Richard Branson, the founder of Virgin Group, discussed fuel costs in his blog, as reported in FleetOwner, a trucking industry news site. Fuel costs of course are on of the largest costs in the trucking industry, and constitutes a major expense each year. Branson claims that tractor-trailer fleets spend $105 billion on fuel each year, and states that the industry could save potentially $40 billion annually by improving fuel efficiency.
Branson has been working with the North American Council for Freight Efficiency to form the company Trucking Efficiency to address the problem of high fuel costs in the trucking industry. Branson also founded Carbon War Room, and has a great deal of experience on this topic. Branson said that Trucking Efficiency is an independent evaluator of about 70 technologies and shares information that is unbiased to the industry free of charge.
Of course, Branson’s comments come hot on the trail of new proposed government fuel efficiency standards on Friday, June 19. The new proposals, aimed at reducing greenhouse gas emissions, call for a significant upgrade in fuel efficiency for big trucks made after the 2017 model year. The Environmental Protection Agency and NHSTA have predicted significant improvements in greenhouse gas emissions, and have said that the resultant standards, even with a cost of up to $13,000 per vehicle to make the upgrades, would save the trucking industry billions of dollars over time. The two groups have said fuel economy should improve by 24 percent by 2027 using technologies that they believe will pay for themselves within two years. That means at the conclusion of those two years, companies will be saving money.
Michael Roeth is the executive director of the North American Council for Freight Efficiency, and noted in a recent IdeaXchange that Branson, “was excited to hear about the progress we are making with Truck Efficiency and the opportunities that are emerging with respect to advanced technologies coming to the real world with Super Trucks and with the game-changing opportunities on the horizon, like platooning and autonomous trucks.”

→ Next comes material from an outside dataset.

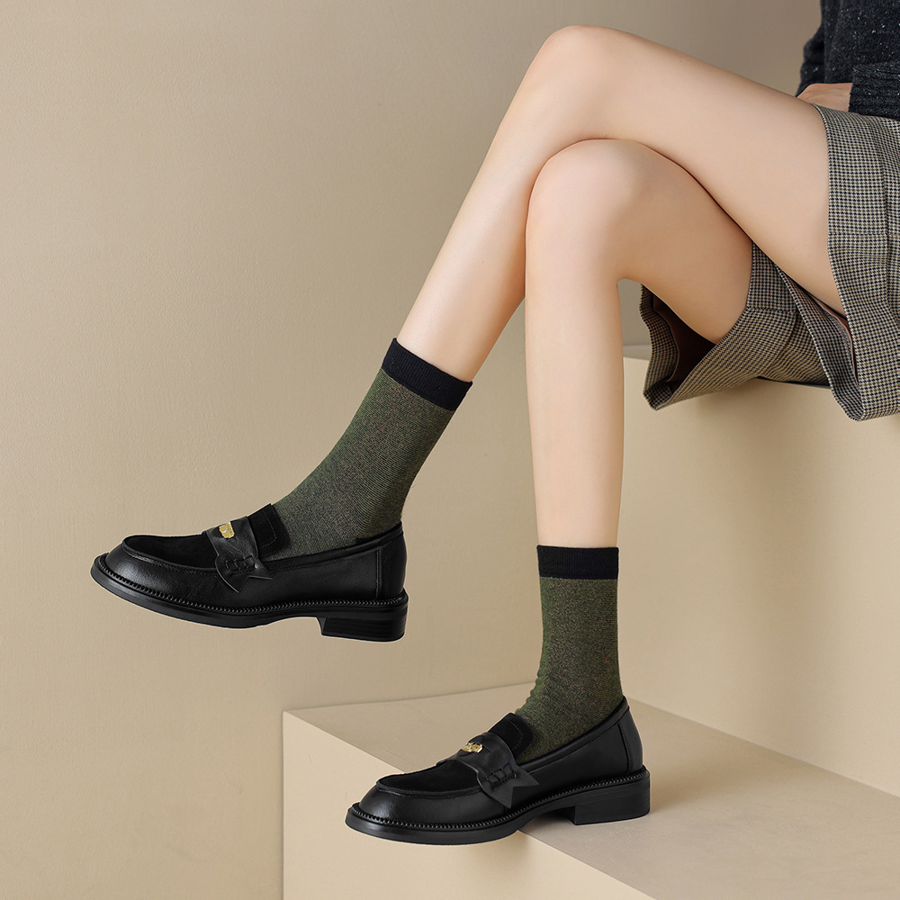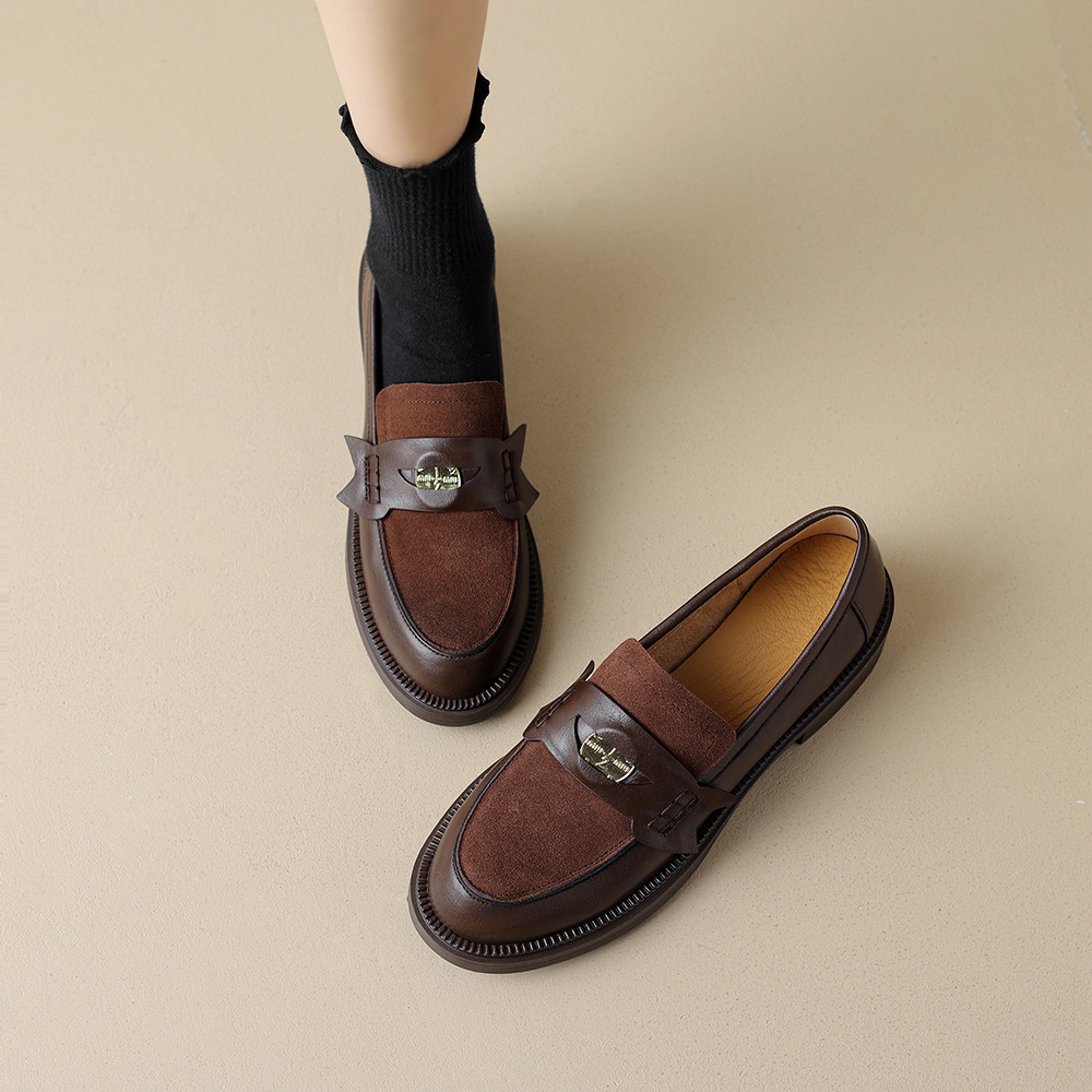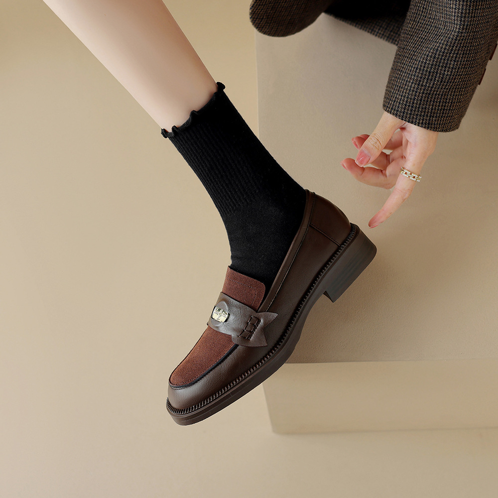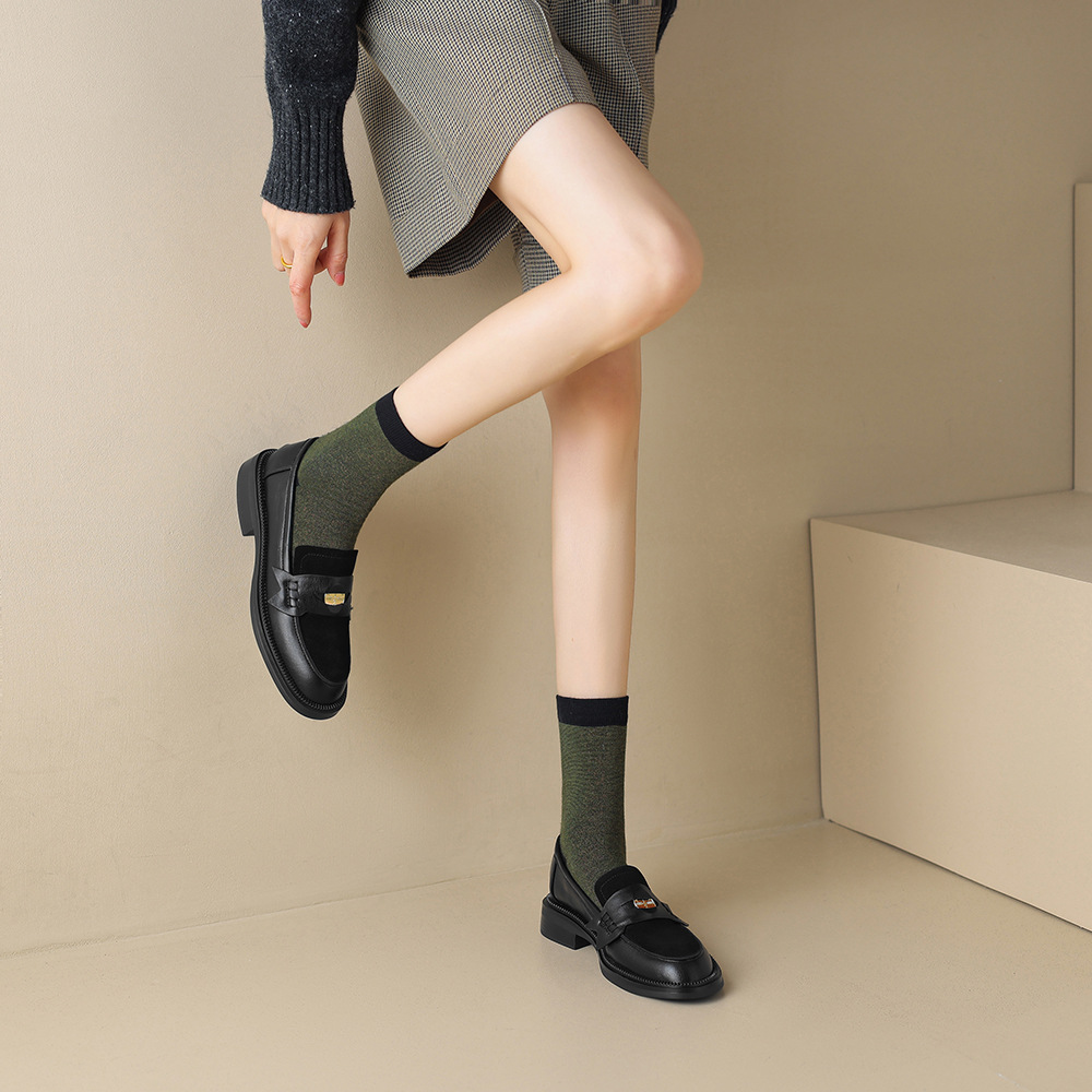 【재고 있음】2913 소프트 가죽 프렌치 레트로 금화 영국풍 슬립온 로퍼 여성용 봄 신발

While there is of course a certain amount of hand-wringing from members of the industry, the standards have come with a surprising amount of support from the trucking industry, with many companies coming out in support of the plan.
In fact, an article in Bakken.com is tellingly titled “Trucking industry is O.K. with new fuel standards,” and discusses how the industry is mostly on board with the new standards.
Glen Kedzie, President and CEO of the American Trucking Associations, said “Fuel is an enormous expense for our industry – and carbon emissions carry an enormous cost for our planet. That’s why our industry supported the Obama administration’s historic first round of greenhouse gas and fuel efficiency standards for medium and large trucks, and why we support the aims of this second round of standards.”
The support of the ATA means a great deal to the industry’s support, and it seems that the promise of the technology paying for itself (and indeed over time saving the industry money) has the industry’s top members pleased and willing to go along with the new plan. Previous criticisms of fuel efficiency standards have included the expense of enacting the measures.
Kedzie, however, did express some concerns over the plan, and did not throw his full support behind the new standards: “We believe this rule could result in the deployment of certain technologies that do not fully recognize the diversity of our industry and could prove to be unreliable … This unreliability could slow not only adoption of these technologies, but the environmental benefits they aim to create. To prevent this, truck and engine manufacturers will need adequate time to develop solutions to meet these new standards.
This is a rare occurrence that the trucking industry is behind environmental measures, even it if is on a cautionary basis. Keeping in mind the importance of the environmental regulations, having the industry’s support could usher in a new era of environmental cooperation and even one where regulations don’t necessarily have to be a burden on the companies they are regulating.